THM – Lazy Admin Writeup

This is my write up of the "Lazy Admin" challenge, provided by TryHackMe, whom is a fantastic challenge for newcomers to apply their newly gained skills against, whilst reinforcing to more-experienced users how easy it is to overlook the more obvious vulnerabilities. Read more….

Preface

This is my write up of the "Lazy Admin" challenge, provided by THM, whom is a fantastic challenge for newcomers to apply their newly gained skills against, whilst reinforcing to more-experienced users how easy it is to overlook the more obvious vulnerabilities.

Room Cover

Table of Contents

Introduction

We are told to simply "have some fun! There might be multiple ways to get user access"

I have only had the opportunity to explore one method, but if I get the chance, I'll certainly revisit the room and have another prod.

Tasks / Flags:

  • What is the value of the user flag?
  • What is the value of the root flag?

Enumeration of Host

After launching the instance on the THM platform, I will be running ye ol' Nmap scan for service discovery and potential attack vectors.

nmap -sV 10.x.x.x

We discover the following services:

  • OpenSSH 7.2 on port 22/tcp
  • Apache HTTP 2.4.18 on port 80/tcp

With Nmap only being able to fingerprint the Operating System as simply being "Ubuntu"

The following post pursues gaining access to the system via the web application, however on second thought, perhaps a quicker way could of been through targeting SSH. I will visit this later.

The Web Service

Apache Landing Page

As we are only presented with the post-install HTML page of Apache, there must be more to this then meets the eye. It does however, confirm that the service is running on a Ubuntu distribution, this may be useful for privilege escalation later.

Dirbuster

Lets enumerate pages to discover the presence of any additional directories using the common Dirbuster wordlist:

Enumerating Directories via Dirbuster

Lets keep the thread count low so as to not flood the THM network. We're in no real rush here, and I don't expect the application to be huge.

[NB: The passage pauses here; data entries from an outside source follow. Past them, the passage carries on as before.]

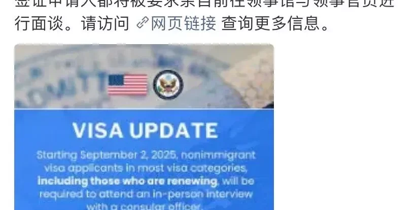 2025年7月25日,美国国务院发布了一份名为《Interview Waiver Update》的官方声明,宣布从9月2日起,美国的非移民签证政策将发生重大变化。
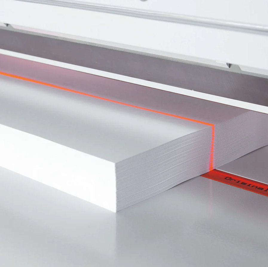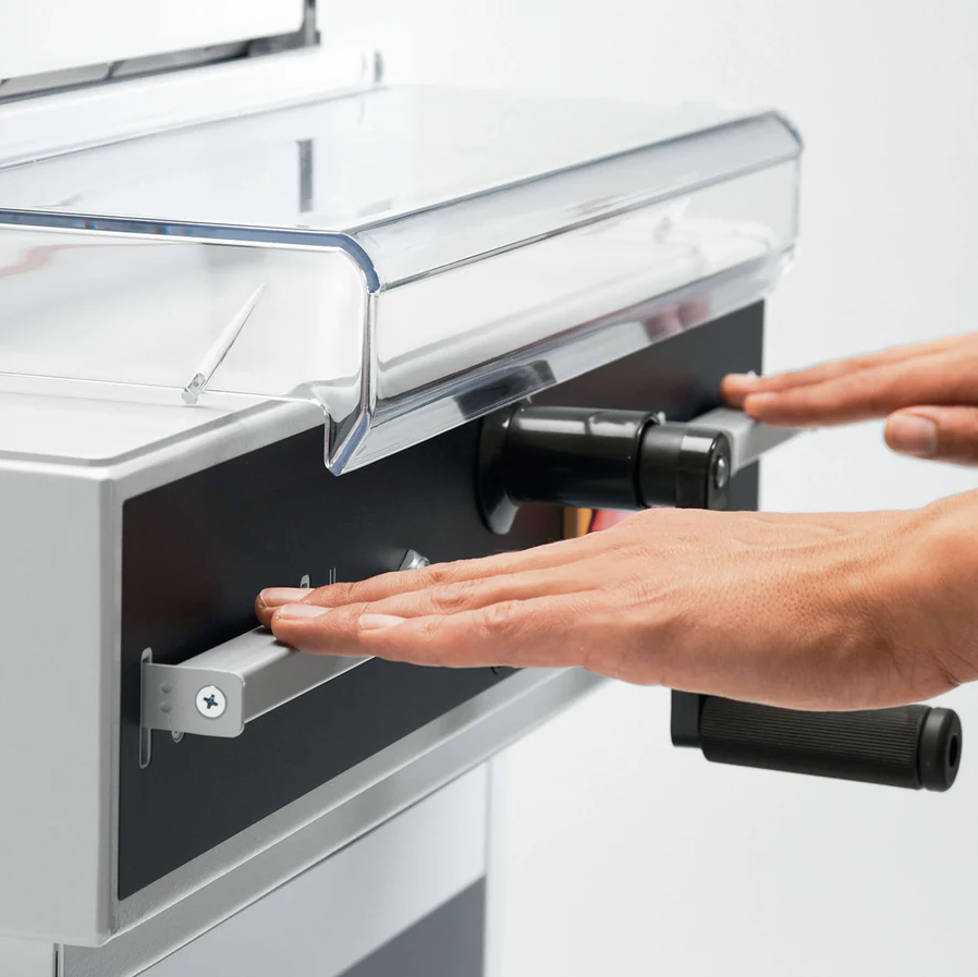 Der IDEAL 4350 ist ein vielseitiger und sicherer Büro-Stapelschneider für den professionellen Einsatz bis DIN A3. Ausgestattet mit der patentierten EASY-CUT Zweihand-Schnittauslösung und automatischer Pressung überzeugt dieses Modell durch hohe Anwendersicherheit und exakte Schnittergebnisse – ideal für administrative Umgebungen, Bildungseinrichtungen oder kleine Druckereien. Dank des SCS – Safety Cutting System erfüllt der IDEAL 4350 höchste Sicherheitsstandards: Eine elektronisch kontrollierte, transparente Sicherheitsvorrichtung auf dem Vordertisch, eine transparente Rücktischabdeckung, ein Hauptschalter, ein Sicherheitsschloss sowie eine 24-Volt-Steuerung schützen zuverlässig bei jedem Arbeitsschritt. Zusätzlich sorgen ein automatischer Rücklauf des Messers und des Pressbalkens sowie eine Scheibenbremse für maximale Bediensicherheit. Die automatische Pressung fixiert das Schnittgut gleichmäßig und zuverlässig. Der elektro-mechanische Messerantrieb ermöglicht einen sauberen Schnitt auch bei Papierstapeln bis zu 40 mm Höhe (entspricht ca. 400 Blatt). Die Einstellung des Rückanschlags erfolgt präzise über eine Handkurbel mit spindelgeführtem Lauf und wird durch die digitale Maßanzeige unterstützt – umschaltbar zwischen cm und inch. Ein optischer LED-Schnittandeuter visualisiert die Schnittlinie für noch mehr Genauigkeit. Für Wartung und Langlebigkeit ist gesorgt: Der Messerwechsel kann einfach von vorne durchgeführt werden, ohne Gehäuseteile zu demontieren – dank Messerwechsel-Vorrichtung mit abgedeckter Klinge. Die Schnittleiste lässt sich seitlich wechseln, werkzeuglos und sicher. Der IDEAL 4350 ist in robuster Ganzmetall-Ausführung gefertigt und steht für zuverlässige Qualität „Made in Germany“. Durch sein durchdachtes Design, hohe Reparaturfreundlichkeit und langlebige Komponenten ist er ein nachhaltiger Begleiter im Büroalltag.
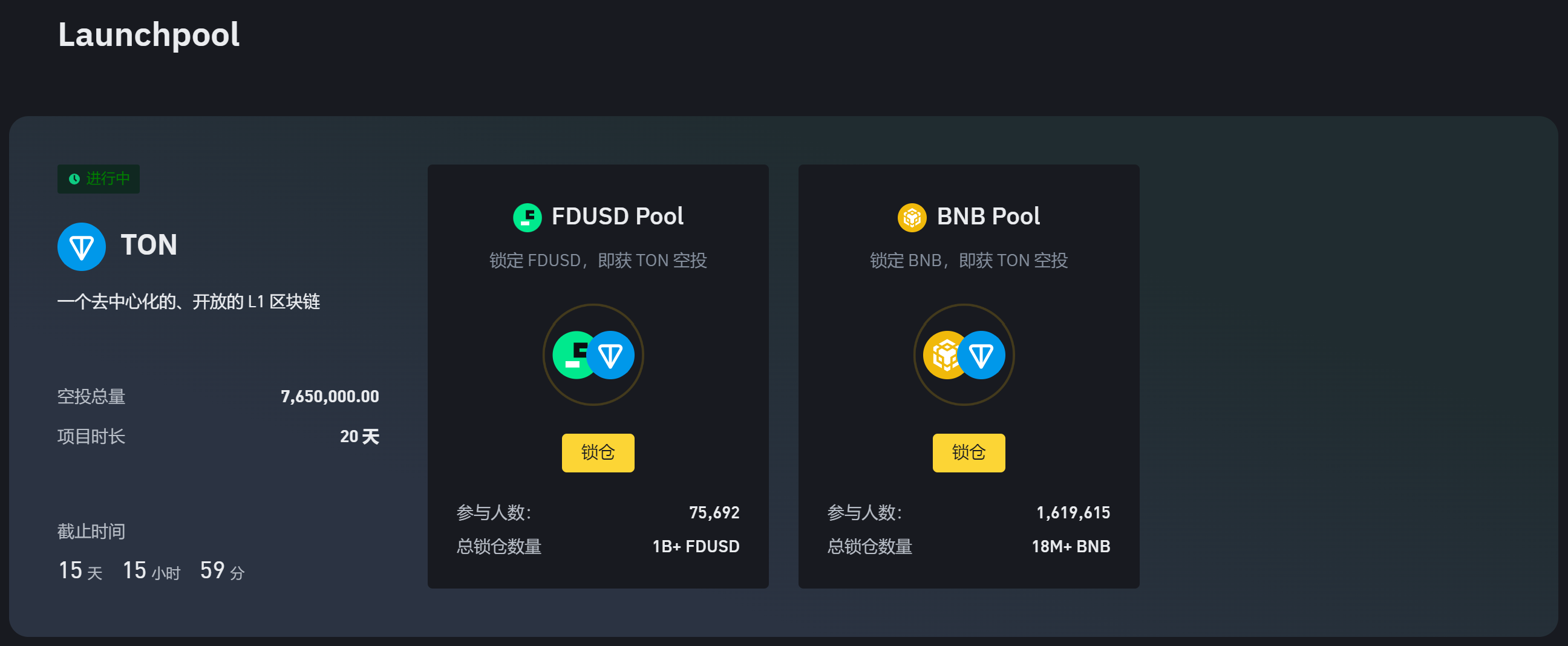 BNB launchpool 近期上线了 TON,目前总锁仓数量达到了 18M+ BNB,参与人数高达 162 万,推动了 BNB 价格稳定上涨,目前接近 $535。
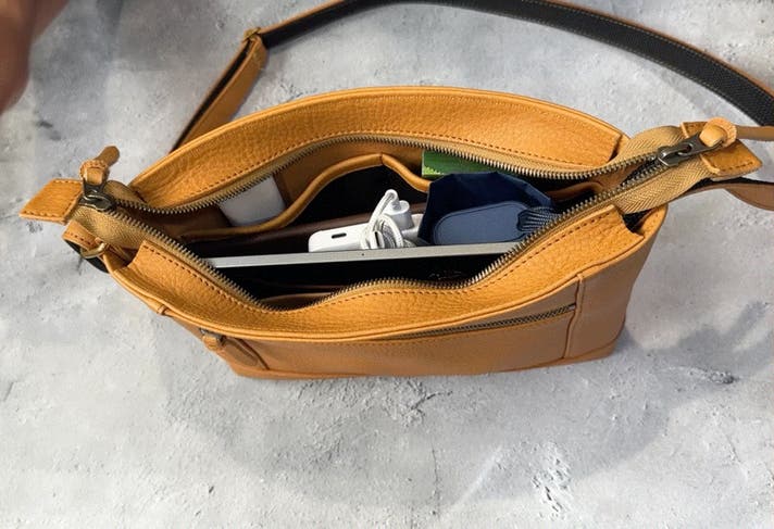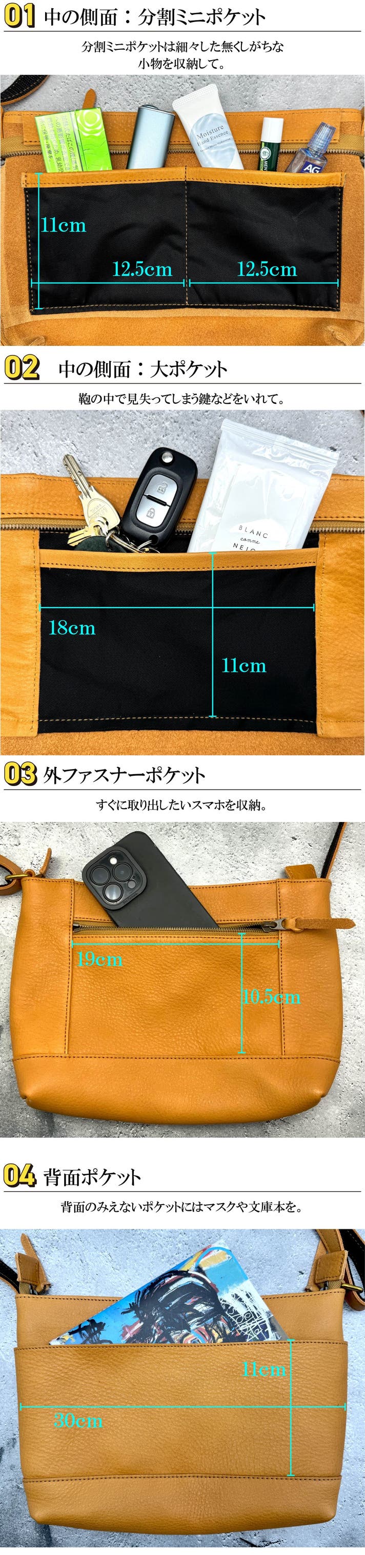 サコッシュといえば、マチがない物が多いですが、この本革サコッシュは5cmのマチでしっかり収納!

After a couple of minutes, we get a few directories that indicate some content, lets navigate!

Dirbuster Results

SweetRice CMS Landing

Cool! I notice it's a SweetRice "CMS", akin to that of WordPress, etc. Are there any known exploits for it?

Searchsploit Sweetrice

There is! Namely:

  • Arbitrary File Upload/Download
  • Backup Disclosure
  • CSRF

Lets investigate...

Mysql Backup Disclosure Vuln.

We'll navigate to the directory path, noting that everything is behind the "/content/" directory.

Mysql Backup Directory

Sweet! Let's download it and import it into an SQL browser

SQL Browser Syntax Error

There's a syntax error, lets inspect the file then. It reveals a PHP script that merely abstracts the database, hence the failure to import earlier.

PHP Syntaxed File

There's admin credentials in here - that are easy to find, but I wont disclose them here.

Sweetrice Login

As we recall, there is a possibility of uploading/downloading Arbitrary code, lets figure out where we can upload a file such as a shell.

Attempting Execution

Successful Exploit

Lets find out things like:

  • Where we are
  • What permissions we have and where
  • What can we execute?

Printing working directory

Printing User Home Directory

We notice a script in /home/itguy that calls on a backup file in /etc/copy.sh

Lets cat the output, and replace our IP address accordingly to the script.

Replacing Backup Script

Lets setup a netcat listener for shell:

nc -lvnp 4000

Local Netcat Listener

Confirming escalation to root. From there the flags are easy to find - think:

  • Where are root user files stored on a Unix system?
  • How/where did we discover the /etc/copy.sh script?

Reflection

  • Challenge uses arbitrary file upload where shells can be spawned
  • Highlights the importance of setting correct User permissions (www-data had sudo permissions!!)
  • How legitimate scripts e.g. backup scripts can be modified to redirect backup output to the attackers machine.

It was good fun 🙂 Cheers THM for providing such a fantastic platform, as well as the creator (whom unfortunately isn't specified, so I'd assume it's the core developers in this instance) for the challenge.

As always, So long and thanks for the fish!